DOGE announced an update to its website that 3.2 million of those people have now been marked as deceased.
The announcement stated, “In the last two weeks, SocialSecurity began a major cleaning of their records. Around 3.2 million number-holders have been marked as dead. There is still more work to be done.”
The DOGE post showed that the database contained a count of people who were alive on 8 March:
As of Monday, 3,261,057 people were marked as deceased.
DOGE, led by Elon Musk, a billionaire, was tasked with streamlining the bureaucracy to reduce federal spending.
While critics complain about cuts to Social Security spending, President Donald Trump claims that his focus on entitlements is only related to “fraud and waste” and that he’ll protect the basic benefit program.
Musk called Social Security “the biggest Ponzi scheme in history.”
In a recent conversation, he stated that “most federal spending is entitlements”, citing Social Security as among the worst programs.
“So that’s the big one to eliminate,” Musk said. “That’s the sort of half trillion, maybe six, 700 billion.”
Chris LaCivita is a top advisor to Trump.
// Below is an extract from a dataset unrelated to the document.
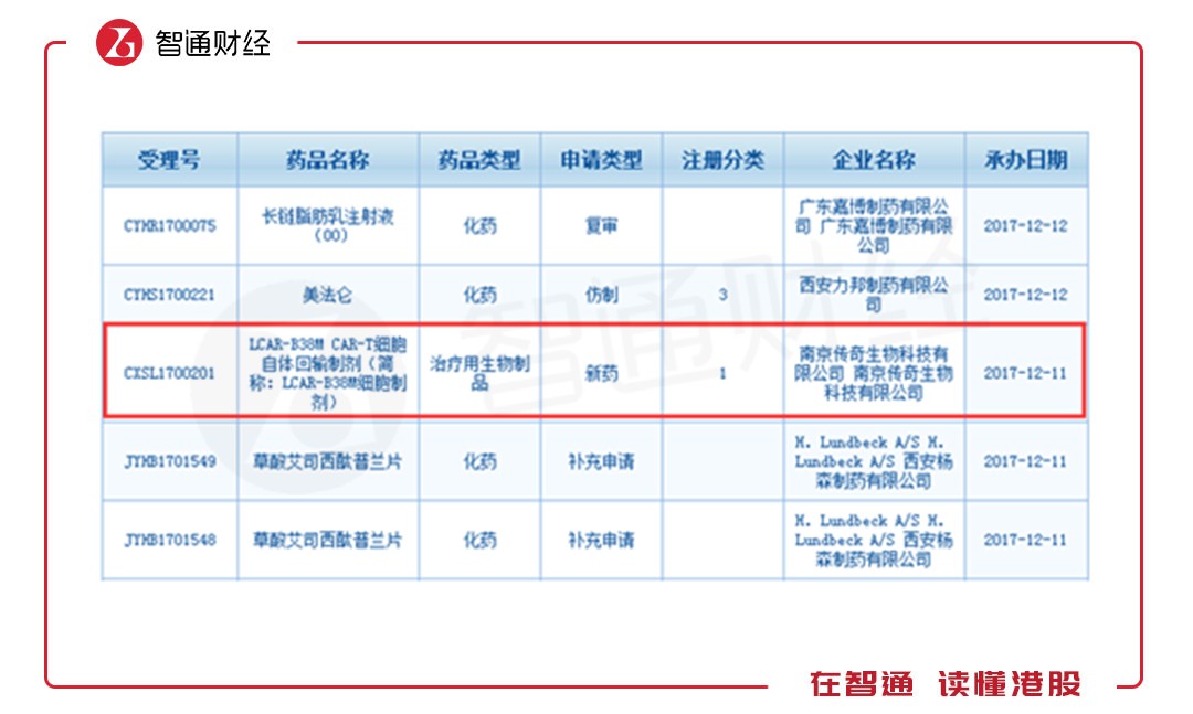 到2017年12月11日,傳奇生物提交CAR-T療法中國臨床申請(CXSL1700201)獲得CDE正式承辦受理,成為國內(nèi)首個獲得受理的CAR-T產(chǎn)品。同月18日,藥品評審中心公布第二十五批優(yōu)先審評審批名單,傳奇生物的LCAR-B38MCAR-T細胞自體回輸制劑獲準(zhǔn)進入。2018年3月12日獲CFDA臨床審批完畢。

He rejected the idea that DOGE would make drastic cuts to Social Security. LaCivita told Politico Friday that this was not Musk’s choice.
“Now they won’t cut social security.” They are not cutting Medicaid. LaCivita stated that this is just a fearmongering campaign by the left.
Musk claimed last month that millions of people over 100 years old could receive Social Security benefits.
Newsweek reported that the SSA has said those millions are referring to people who do not receive benefits, but “do not have a death date associated with their records.”
According to published statistics from the agency, approximately 53,000 Americans are centenarians.
According to its website, DOGE has saved $115 Billion through “assets sales, contract/lease renegotiations and cancellations, fraud, and improper payments deletion, grant cancellations. Interest savings, programmatic change, regulatory savings, and workforce reductions.”